GPN Beri Sinyal Sambangi Dinas Peternakan Lamsel

486
Dok – Terlihat irigsi RPH yang dibangun 2015 silam tertutup rerumputan, Ormas GNP tuding PPTK lepas tangan soal biaya pembangunan.

KALIANDA – Gerakan Pemuda Nusantara beri sinyal satroni Dinas Peternakan Lampung Selatan Senin (19/6) mendatang. Itu lantaran belum ada kejelasan soal polemik pembangunan irigasi oleh Pejabat Pembuat Kegiatan (PPK) Dinas Peternakan Lamsel.

Wacana itu diutarakan Ketua GPN Lamsel Dimas Ronggo Penuntun. Ia mengaku baik pihak yang dirugikan maupun PPK bahkan mantan Kadis Peternakan Cecep belum ada titik temu soal pelunasan proyek irigasi.

“Surat sudah kami kirimkan ke Dinas Peternakan Lamsel soal wacana aksi geruduk ini. Hingga saat ini tak ada kejelasan atau upaya mediasi yang diinginkan kedua belah pihak,” kata Dimas kepada Radar Lamsel, Kamis (15/6) kemarin.

BACA :  UMP Ditolak, UMK Belum Laik!

Sinyal ini pun disampaikan agar mediasi keduanya berjalan seperti yang diinginkan. Pasalnya, sudah dua tahun tak ada kejelasan terhadap pelunasan tersebut. “GPN sudah sepakat untuk melancarkan aksi, harus ada keputusan apakah mediasi atau bagaimana jangan sampai persoalannya menggantung terus,” paparnya.

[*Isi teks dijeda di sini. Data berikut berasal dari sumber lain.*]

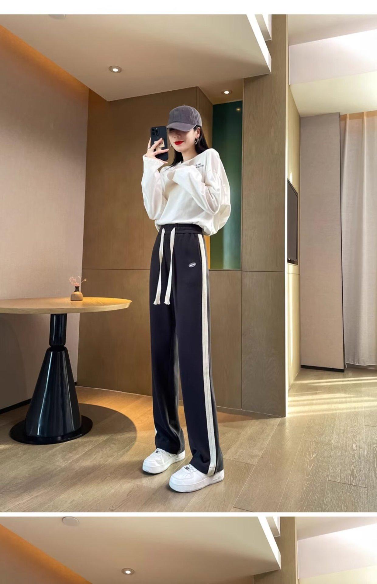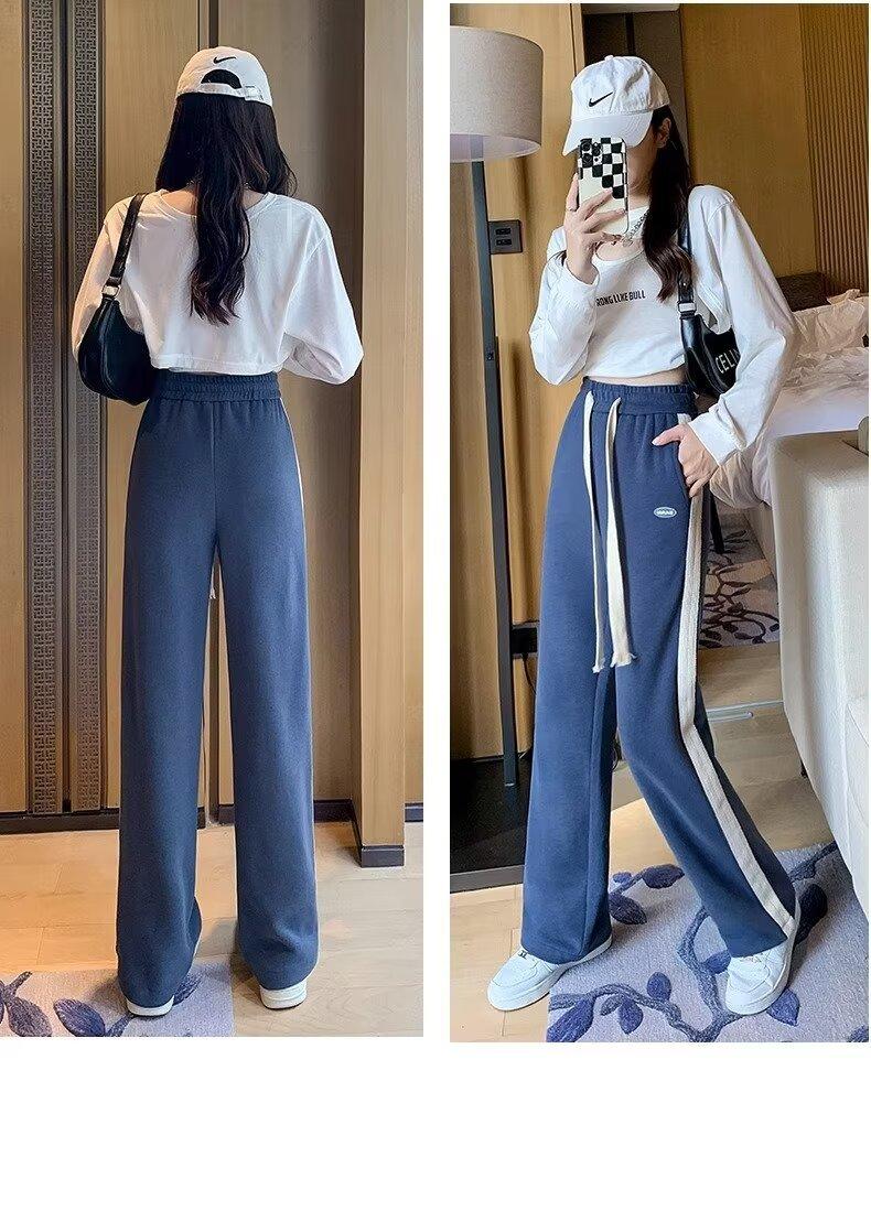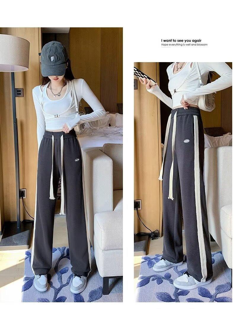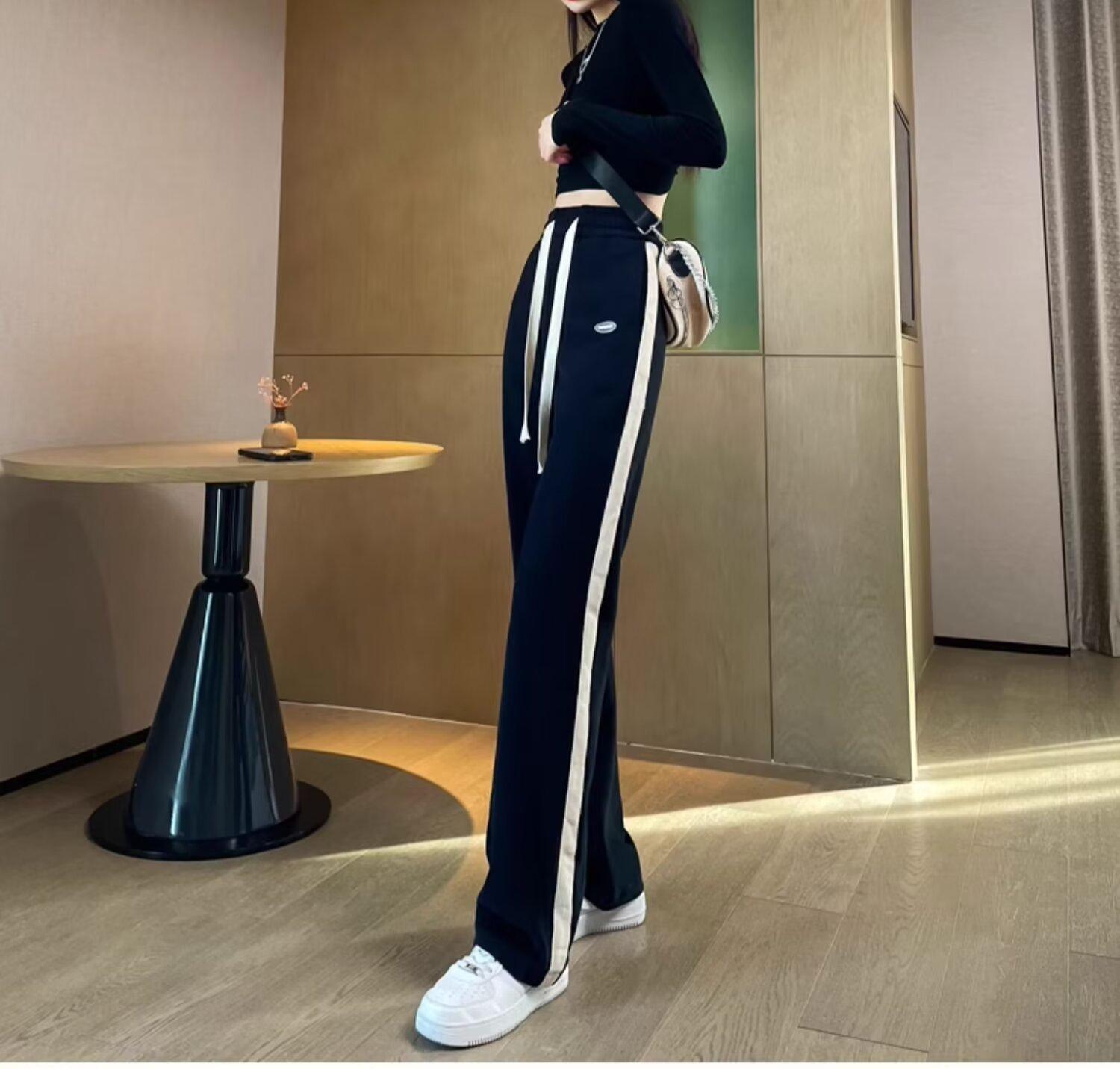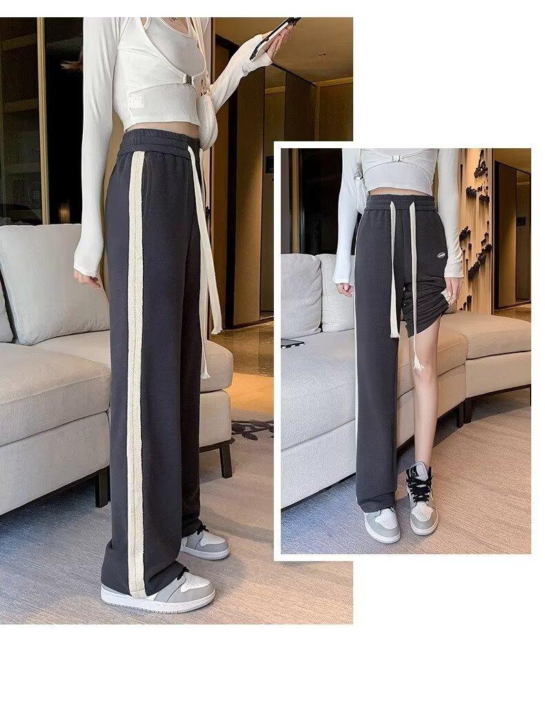 Pantalones deportivos para mujer de verano delgados casuales 2024 nuevos de cintura alta dosificantes elegantes pequeños rectos de pierna ancha

Ketua GPN Lamsel itu menuding Pejabat Pelaksana Kegiatan (PPK) Suranto lepas tangan dan seolah tutup mata atas tindakan yang merugikan Satam (30) sebagai penyuplai material pembangunan irigasi.

Sementara PPK Dinas Peternakan Lamsel Suranto menanggapi santai terkait sinyal GPN untuk menyambngi sekretariatnya. Dia mengatakan jika kunjungan itu merupakan upaya mediasi dengan senang hati Suranto menyatakan kesiapannya.

BACA :  Catat! Proyeksi PAD Rp 334 Miliar

“Saya siap, silahkan saja datang ke sekretariat agar semua persoalan ini jelas, mediasi antara pihak yang dirugian, PPK dan mantan Kadis Peternakan Cecep untuk kemaslahatan bersama,” paparnya.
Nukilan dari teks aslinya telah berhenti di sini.